All backend metrics follow Prometheus format and can be scraped by Prometheus
Metrics include component-specific labels for detailed monitoring
OpenTelemetry (OTEL) collector exposes metrics via Prometheus exporter
UI metrics are exported via OTLP, not Prometheus scraping

Metrics Overview

GlassFlow exports comprehensive metrics in Prometheus format through an OpenTelemetry collector.
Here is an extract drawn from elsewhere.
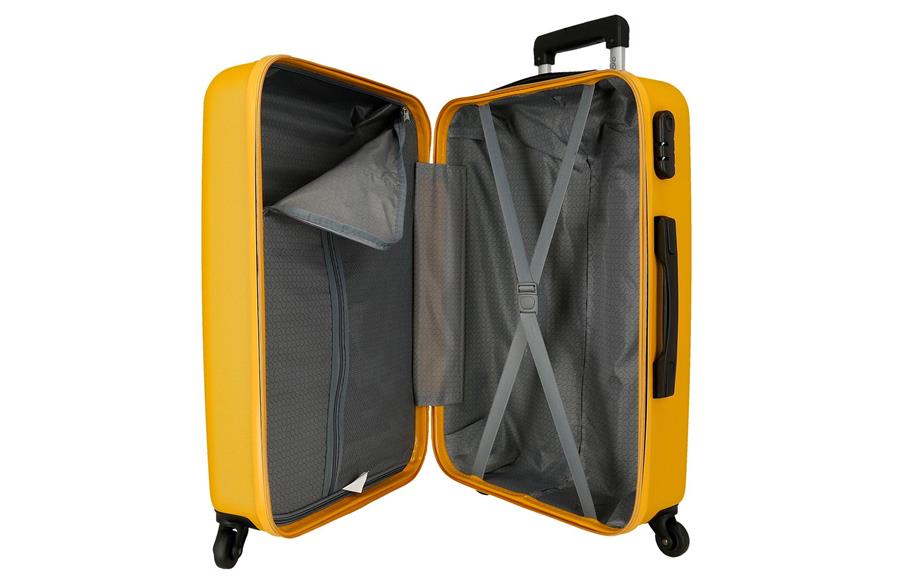 Sva tri kofera imaju četiri točkića sa rotacijom od 360°, koji omogućavaju glatko i stabilno kretanje u svim pravcima. Teleskopska ručka podesiva po visini obezbeđuje jednostavno i udobno upravljanje. Unutrašnjost kofera je funkcionalno raspoređena radi lakšeg pakovanja: jedna strana sa pregradom i rajsferšlus zatvaračem a druga sa druga strana sa elastičnim trakama za fiksiranje garderobe Koferi su opremljeni bočnom kombinacionom bravom sa trocifrenim kodom, koja povećava sigurnost prtljaga tokom putovanja. Bočna ojačanja dodatno doprinose stabilnosti i dugotrajnosti.

The metrics are designed to provide visibility into:

Data Ingestion: Kafka record consumption rates and volumes
Data Processing: Processing duration, throughput, and byte volume metrics
Data Sinking: ClickHouse write operations and performance
Error Handling: Dead Letter Queue (DLQ) operations
OTLP Receiver: Incoming OTLP request rates and latency
HTTP Server: API request rates and latency
UI: Page views, interactions, and frontend API performance

Metric Naming Convention

All GlassFlow backend metrics follow a consistent naming pattern:


{namespace}_gfm_{metric_name}

Where:

{namespace} - Deployment namespace prefix (e.g., “glassflow” if deployed in glassflow namespace)
gfm - GlassFlow Metrics prefix
{metric_name} - Descriptive metric name

UI metrics use the prefix gfm_ui_ and are exported via OTLP.

The namespace prefix is automatically added based on your deployment configuration. If you deploy GlassFlow in a different namespace, the prefix will change accordingly.

Counter metrics gain a _total suffix at scrape time. The OpenTelemetry-to-Prometheus exporter appends _total to every counter when it exposes the /metrics endpoint. The base names shown in this document are the names used in GlassFlow source code; the names you query in Prometheus include the suffix.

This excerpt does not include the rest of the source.